◆ **Problem**
The copy must hold exactly the lines from the one with "Attendees at the" through the end of the listing below, and nothing else, with no pictures.

◆ **Data extract**
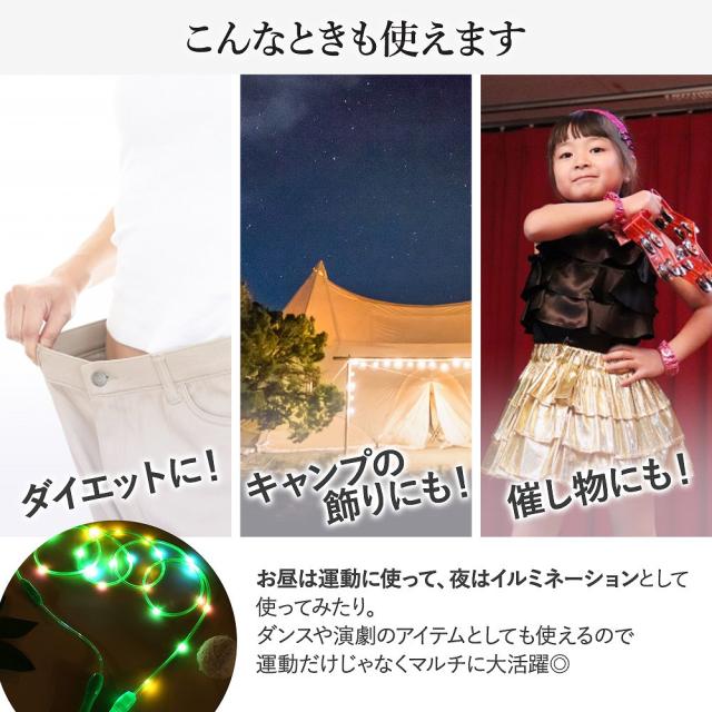 | 商品の説明 | 長引く自粛でおうち時間を退屈しているお子様や、デスクワークでちょっと太った…とお悩みの方も。 楽しくみんなで運動できるのが、今大人気の”縄跳び”なんです。 ロープの部分に、LEDが内蔵されているので飛ぶと光の軌跡が残像となって美しく輝きます。 お昼は運動に使って、夜はイルミネーションとして使ってみたり。 ダンスや演劇のアイテムとしても使えるので運動だけじゃなくマルチに大活躍◎ 消費カロリーは体重によって変わるものですが、平均的に縄跳びを10分間飛ぶと100kcalを消費! 忙しい現代人だからこそ使って欲しい縄跳びなんです◎ あんまり運動が好きじゃない…というお子様でもいつもと違うキラキラきれいな縄跳びなら楽しく喜んでくれること間違いなし。 手軽に運動不足を解消できる、いま人気のストレス解消アイテムです◎ |
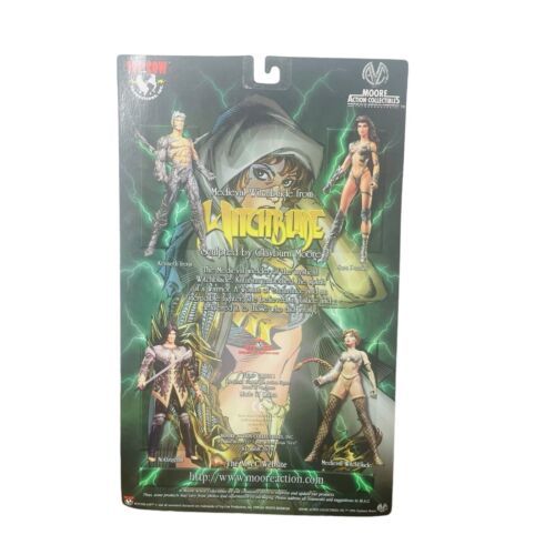 This collectible action figure is a vintage piece from 1998, featuring the character Witchblade from the comic book heroes franchise. The figure is made of ABS plastic and plastic materials and comes with a sword, shield, axe, and figure items. The featured person/artist is Clayburn Moore and the figure is an original, licensed reproduction.
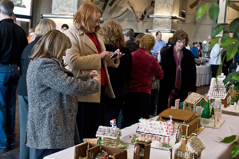 Attendees at the Finance and Administration holiday breakfast Dec. 19 admired and photographed the gingerbread houses on display. Each dining area created a gingerbread house for a competition this year. -
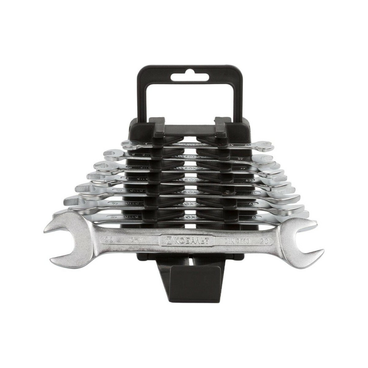 Набор ключей рожковых кобальт 6x7,8x10,9x11,12x13,14x15,16x17,18x19,20x22 мм (8 шт.) держатель 02020
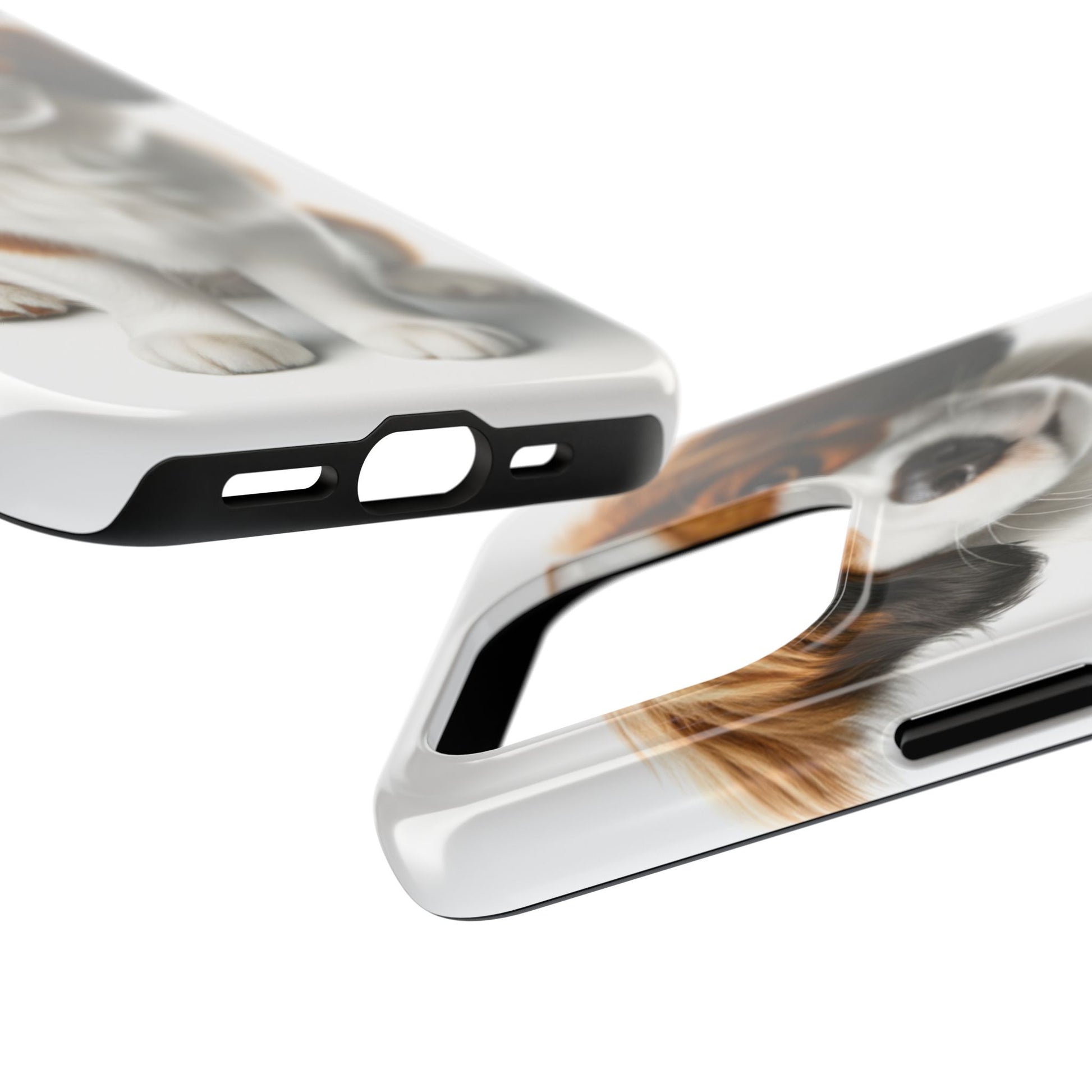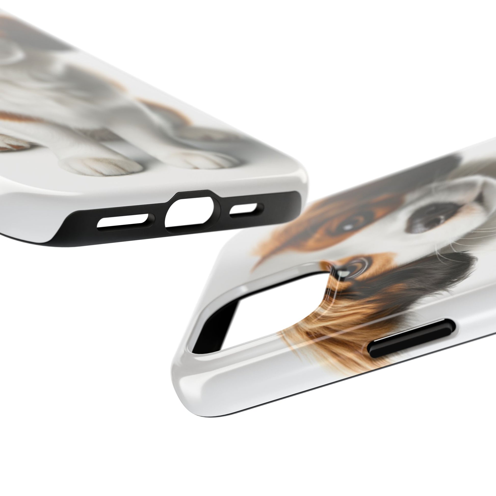 Capture the charm of man's best friend with this incredibly detailed dog phone case. Showcasing a hyper-realistic, high-resolution image of an adorable full-body dog portrait, this accessory radiates a professional studio-shot aesthetic against a pristine white backdrop. Fashioned to perfectly fit and protect your phone, it combines style and practicality flawlessly.
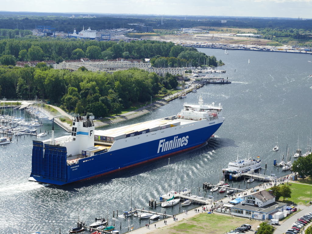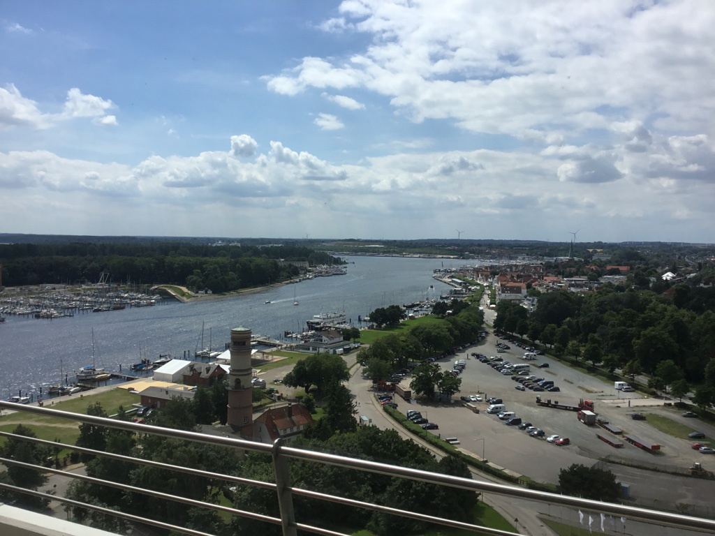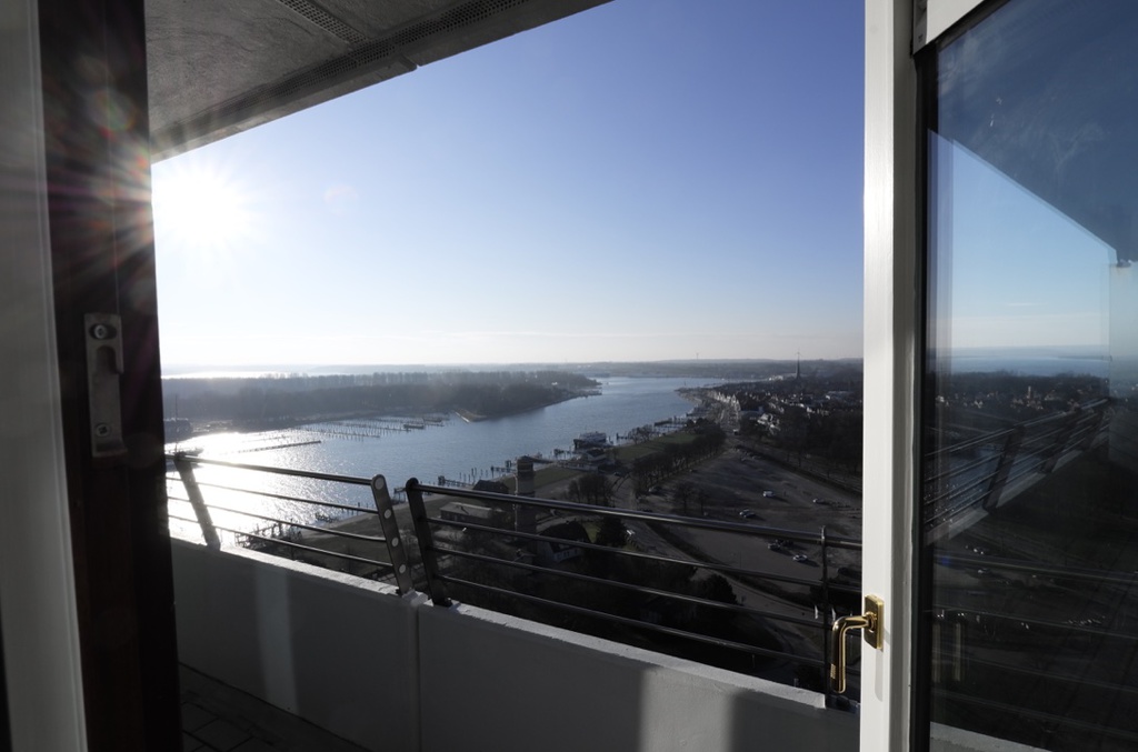 Dank der Ecklage und der Höhe genießen Sie nicht nur den Ausblick auf den lebhaften Passathafen, die Passat und die viel befahrene Trave, mit ihren Jachten, Fähren und Kreuzfahrtschiffen, sondern
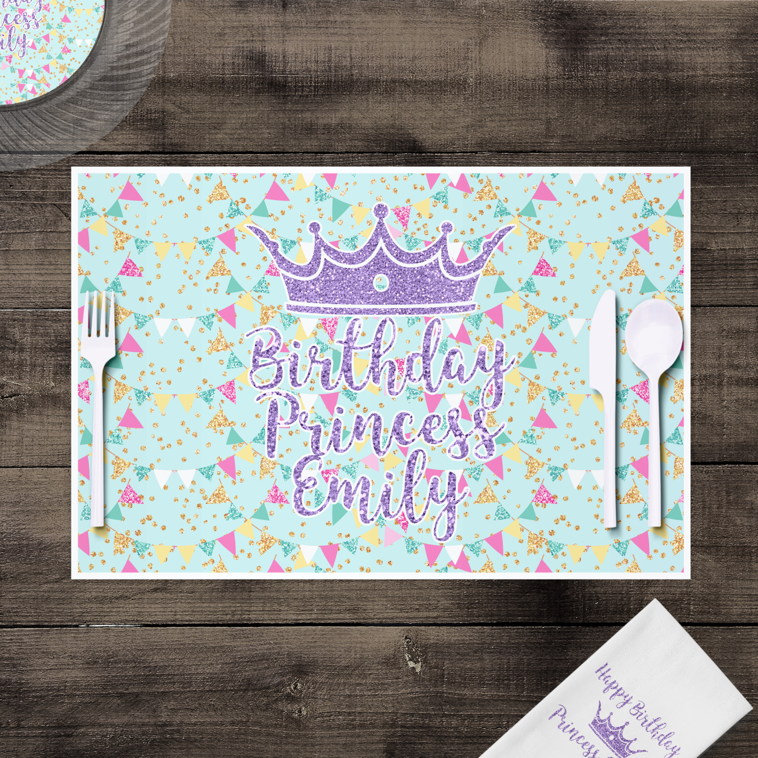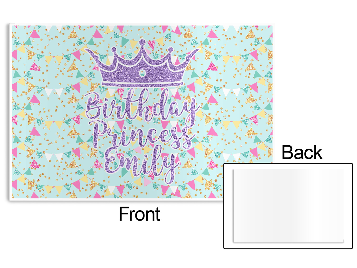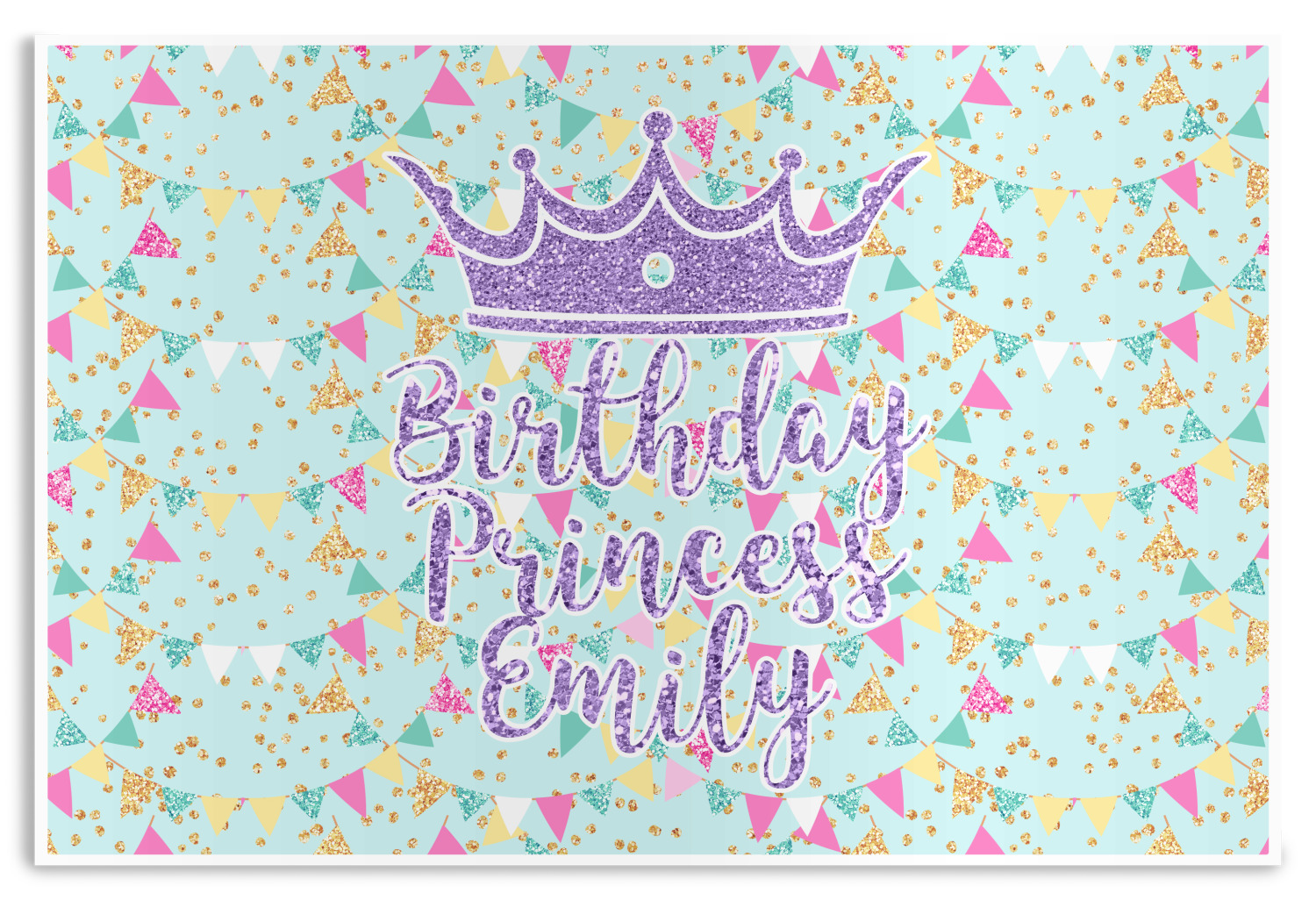This design is bursting with fun! The background is a cool mint with brightly colored banners and confetti. The main graphic is a quote that says "Birthday Princess [Name Here]." This quote is filled with a fun glittery texture and can easily be changed to other fun patterns and colors.

◆ **Result for this exercise**
 Attendees at the Finance and Administration holiday breakfast Dec. 19 admired and photographed the gingerbread houses on display. Each dining area created a gingerbread house for a competition this year. -
 Набор ключей рожковых кобальт 6x7,8x10,9x11,12x13,14x15,16x17,18x19,20x22 мм (8 шт.) держатель 02020
 Capture the charm of man's best friend with this incredibly detailed dog phone case. Showcasing a hyper-realistic, high-resolution image of an adorable full-body dog portrait, this accessory radiates a professional studio-shot aesthetic against a pristine white backdrop. Fashioned to perfectly fit and protect your phone, it combines style and practicality flawlessly.
 Dank der Ecklage und der Höhe genießen Sie nicht nur den Ausblick auf den lebhaften Passathafen, die Passat und die viel befahrene Trave, mit ihren Jachten, Fähren und Kreuzfahrtschiffen, sondern
This design is bursting with fun! The background is a cool mint with brightly colored banners and confetti. The main graphic is a quote that says "Birthday Princess [Name Here]." This quote is filled with a fun glittery texture and can easily be changed to other fun patterns and colors.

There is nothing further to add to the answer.